Thursday, January 14, 2016

The forgotten community of Pacific Shores, California

The night started something like this.
Where's the campground?

Just off Kellog Road, coming up on the right.

The night ended only a few hours later when it became light enough to back out of the swamp road about half a mile from what the GPS had promised was a campground.

The GPS was wrong. The place marked as a campground was a trail head with prominent "No camping" signs. This was the second fail in a row. Unfortunately, the GPS did not tell people if a campground was open in the off-season. They had played, and lost, the same of "dive up and see" several times in the past few days. Hint: most are closed.

They examined the map and decided to continue ahead towards the beach. On the left, a few hundred yards ahead, the small screen showed a major road, Tell Boulevard, it said.

Tell Boulevard was dark in the dark of night, in the shadow of the dunes. Odd, but not impossible in this remote far north eastern corner of California. As the car turned left, the headlights illuminated a burnt out trailer.

This is creepy.

Look, there are lights further down.

Tell Boulevard once must have looked grand. It had two double lanes for traffic separated by a wide median strip. The concrete slabs of the road surface were broken, and the ongoing rain collected in puddles in the cracks and on the sides.

Cautiously easing the vehicle forward, it became clear the road was in such bad shape that a truck was the only sensible option. When the median first gave way to a connection between the lanes, they turned to head back out to Kellog.

The lights are cars, coming towards us.

Take a right, on this road. It looks much better.

Just ahead, there were trees.

They pulled over and decided to catch some sleep right there. Only to be woken up by a truck with a trailer slowly passing into the wooded area. The headlights of the truck illuminated pieces of garbage, a discarded tire, ghostly pieces of metal sticking into the night next to a tree.

Few long minutes later, the truck came back. The trailer bounced, the sound of an empty trailer. Their fitful sleep was interrupted several more times by revving engines of more vehicles traveling along Tell Boulevard, though none turned their way.

The faint light of dawn revealed the road the car sat on. Locals were using the area as a dump. An overnight stay on an official landfill wouldn't look much different.

They left a few minutes later and spent the time it took to get back to U.S. 101 North speculating on the history of the place.

Much later, a quick web search would bring up an article by NBC News from 2008 would explain the twists in the history of Pacific Shores. The desolate place had a wonderful name, Pacific Shores.

Here is what NBC said:
Pacific Shores, as it was dubbed by a developer who sold lots on the cheap to far away dreamers, is a limbo land where the state has been able to prevent development but unable to get lot owners to give up their quest.
Owners have been squaring off with the agency that oversees coastal development almost since the Coastal Act of 1976 was created, partly in response to Pacific Shores and similar undevelopable subdivisions. 

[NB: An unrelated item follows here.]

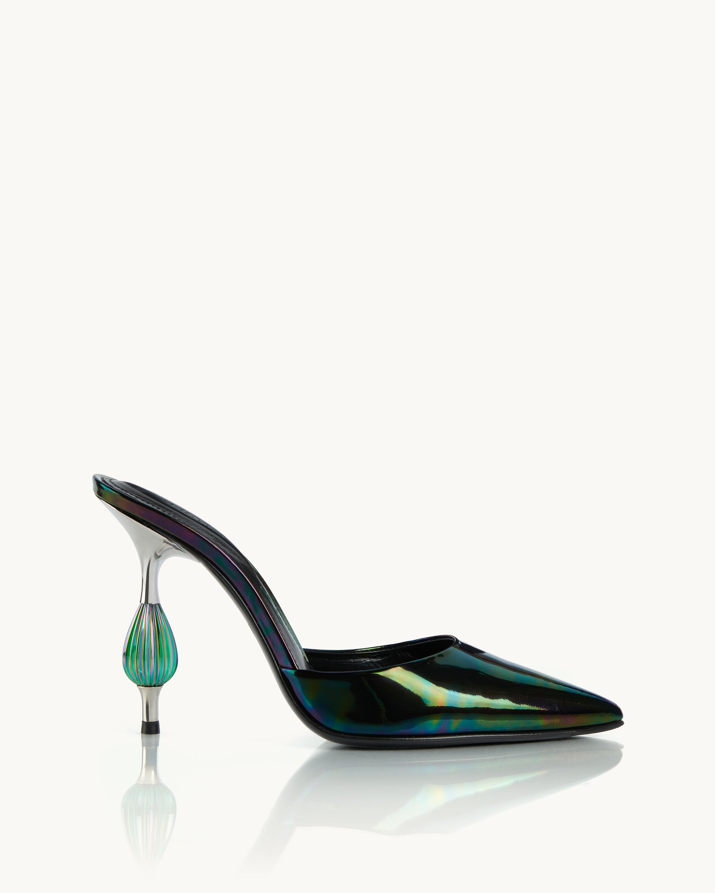 ATIIMU’s first collection of shoes for women captures the enigma and edge of Moussi’s style. Inspired by emeralds, light, architecture, and jewelry, the collection explores timeless heels in flashy leather, slender straps, and directional shapes. Each is adorned by the SPARK, a mesmerizing gemstone that has come to be a design code of the house.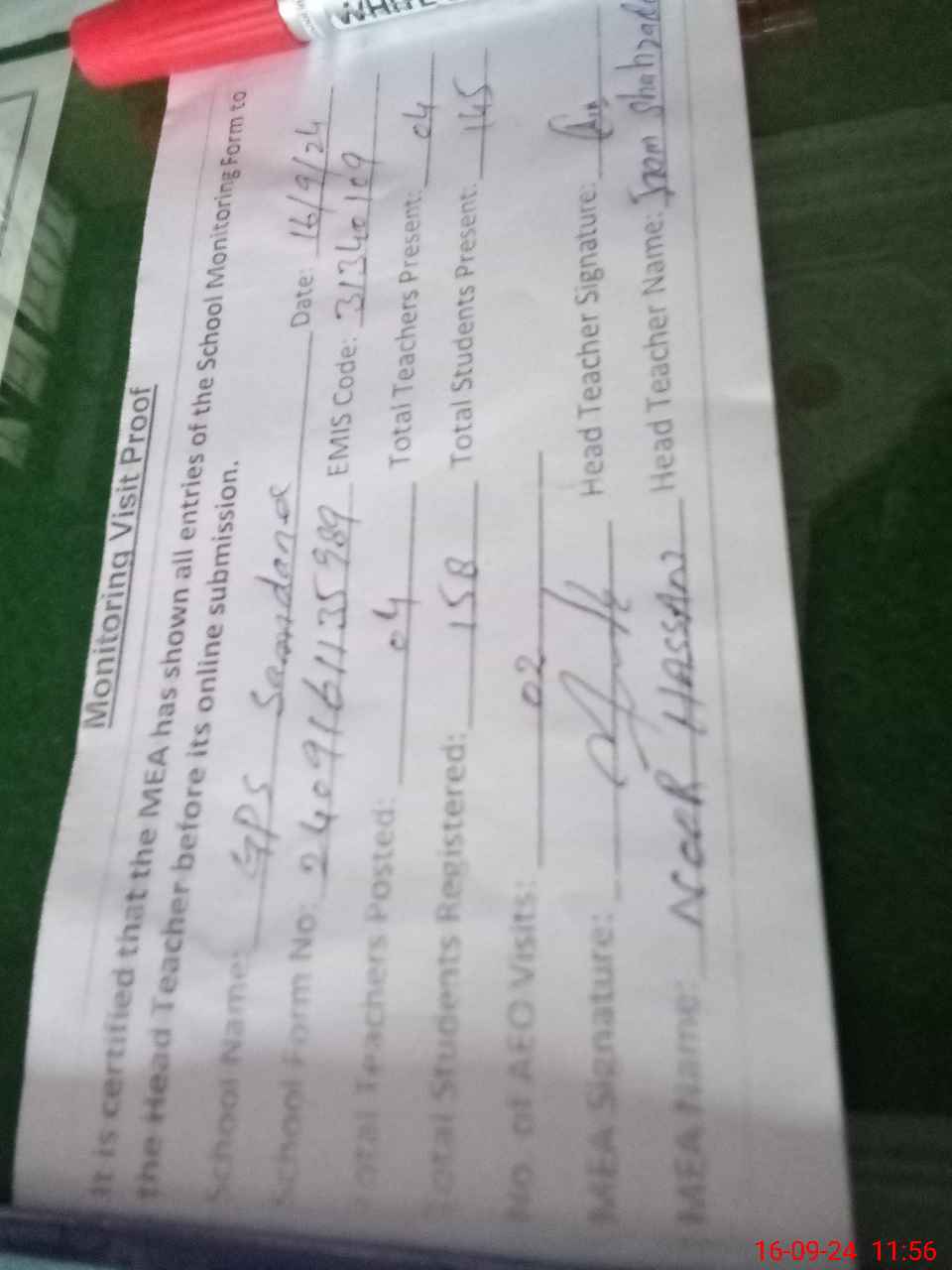 | Attendance Register | Head Teacher | MEA with School | Visit Proof |

And what explains the night time traffic?

The article is charitable, failing to mention the sprawling illegal dump, and instead quotes a local resident: "Ninety percent of the residents here either learned how to drive here or were conceived here".

The official name of the area is Tolowa Dunes State Park, and it lies only miles north of the real town of Crescent City, CA.

Unless you are in the neighborhood or love birds, there is not much reason to leave U.S. 101 for a visit, but Google Maps can take you there.